▸ **Work order**
Please reproduce exactly, and only, the lines from the one with "lớp chống nhiễu" through the last line of the listing below, both ends included, leaving out the pictures.

▸ **Extracted material**
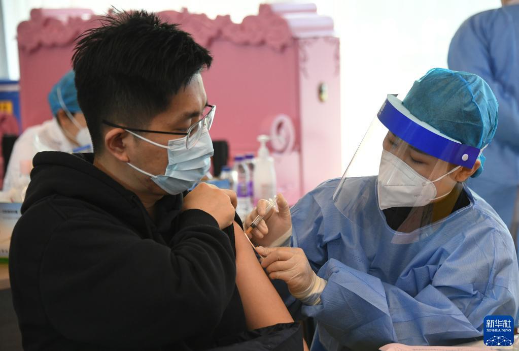 2021年12月7日,北京市海淀區上地街道組織醫護人員來(lái)到海國瑞業(yè)科技園,為園區內的企業(yè)員工進(jìn)行新冠疫苗加強針接種。新華社記者 任超 攝
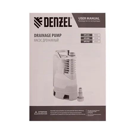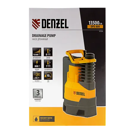 Дренажный насос Denzel DPХ800, погружной, пластик, мощность: 800 Вт, производительность: 13.5 м³/ч, максимальный напор: 8 м, глубина погружения: 7 м
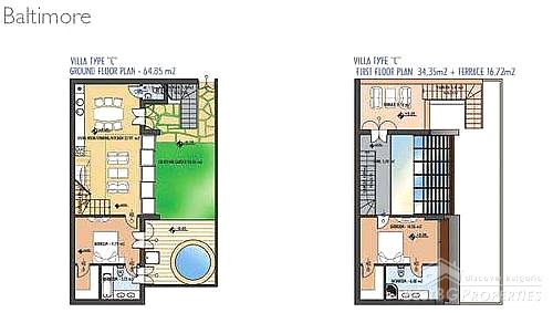 The Baltimore, a 2 bedroom villa with the same angular design as its larger cousins, but offering all the same high standards. However it still is a very sizeable 114 sq m offering accommodation for 4 people in luxury and space. The Baltimore has one car parking space allocated for the exclusive use of the owners or their guests.
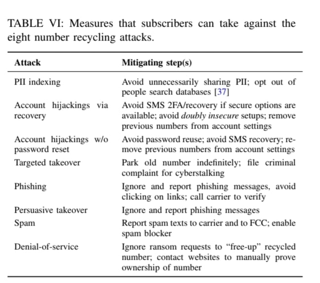 Kevin Lee & Arvind Narayanan, researchers from the Department of Computer Science and Center for Information Technology Policy at Princeton University, conducted a study on the security & privacy risks of number recycling. They sampled 259 phone numbers available to new subscribers at two major carriers and found that;
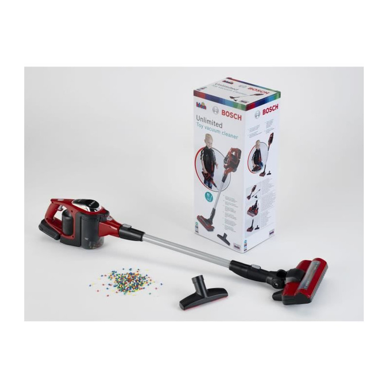 Cet aspirateur BOSCH est une reproduction fidele du modele original. Il est équipé d'un compartiment a poussieres transparent, d'un tube qui permet de passer rapidement du mode "aspirateur-balai" a celui d'"aspirateur de table", d'une grande brosse orientable, etc.
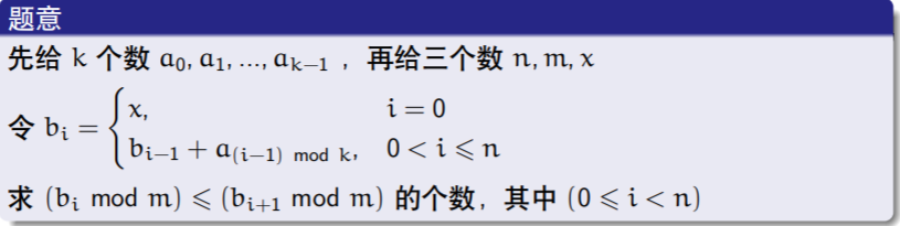 即bi mod m>bi+1 mod m的个数。最后用b数组总个数n减去这个长度就是满足的个数。在数组中要满足bi mod m<=bi+1 mod m
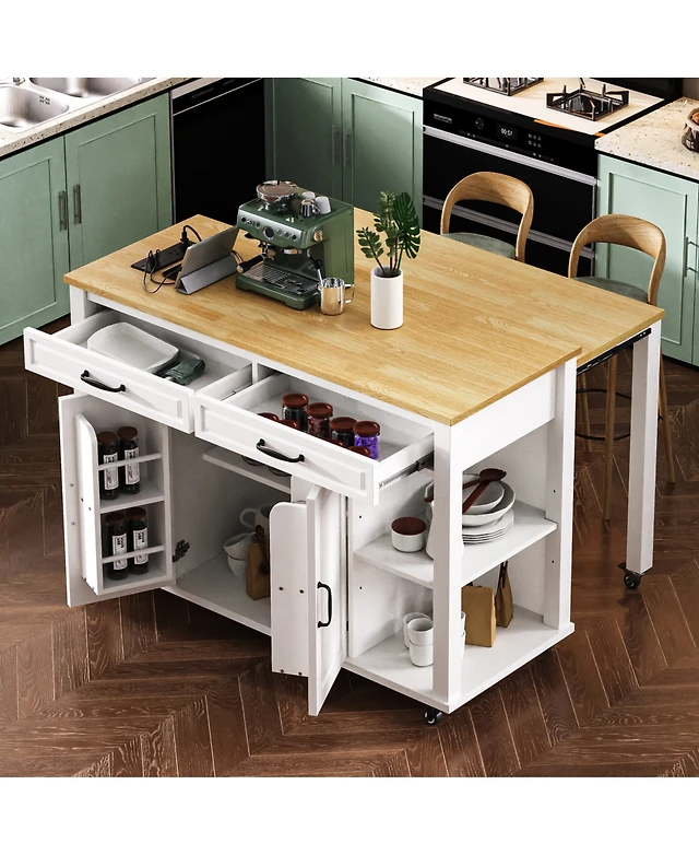 Streamdale 47" Extendable Kitchen Island with Storage, Power Outlet
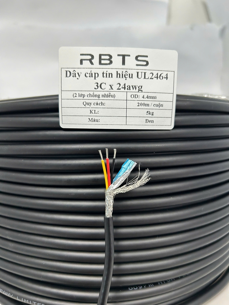 🆘 3.24 * Dây cáp tín hiệu UL2464 3Cx24awg, tiết diện lõi: 0.21mm2, OD:4.4mm - 2 lớp chống nhiễu
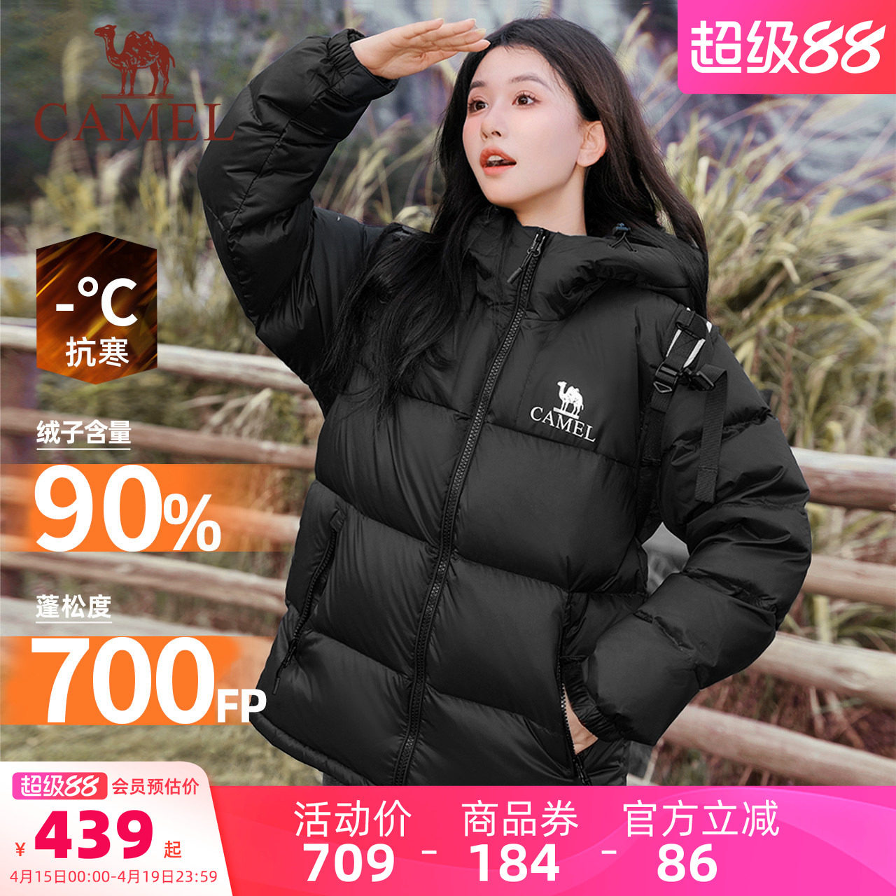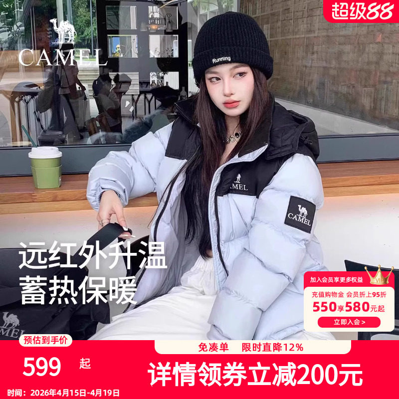 骆驼羽绒服女2025冬季新款热反射升温保暖加厚连帽面包服短款外套
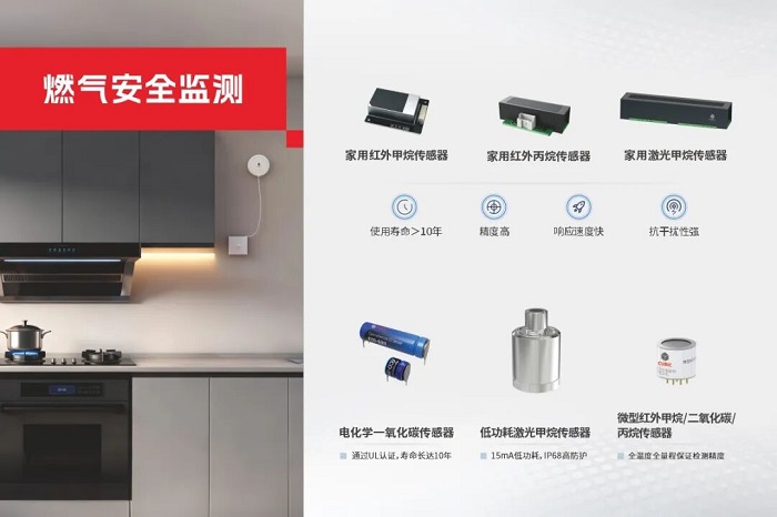 家用紅外 / 激光甲烷傳感器、一氧化碳傳感器、低功耗激光甲烷傳感器等核心產(chǎn)品,可精準(zhǔn)監(jiān)測(cè)燃?xì)庑孤?、有毒氣體濃度等風(fēng)險(xiǎn),適配家庭廚房、燃?xì)夤艿赖榷鄨?chǎng)景,響應(yīng)速度快、檢測(cè)精度高,從源頭規(guī)避安全隱患,精準(zhǔn)守護(hù)家庭與工商業(yè)場(chǎng)景用氣安全。

▸ **Completed task**
 🆘 3.24 * Dây cáp tín hiệu UL2464 3Cx24awg, tiết diện lõi: 0.21mm2, OD:4.4mm - 2 lớp chống nhiễu
 骆驼羽绒服女2025冬季新款热反射升温保暖加厚连帽面包服短款外套
 家用紅外 / 激光甲烷傳感器、一氧化碳傳感器、低功耗激光甲烷傳感器等核心產(chǎn)品,可精準(zhǔn)監(jiān)測(cè)燃?xì)庑孤?、有毒氣體濃度等風(fēng)險(xiǎn),適配家庭廚房、燃?xì)夤艿赖榷鄨?chǎng)景,響應(yīng)速度快、檢測(cè)精度高,從源頭規(guī)避安全隱患,精準(zhǔn)守護(hù)家庭與工商業(yè)場(chǎng)景用氣安全。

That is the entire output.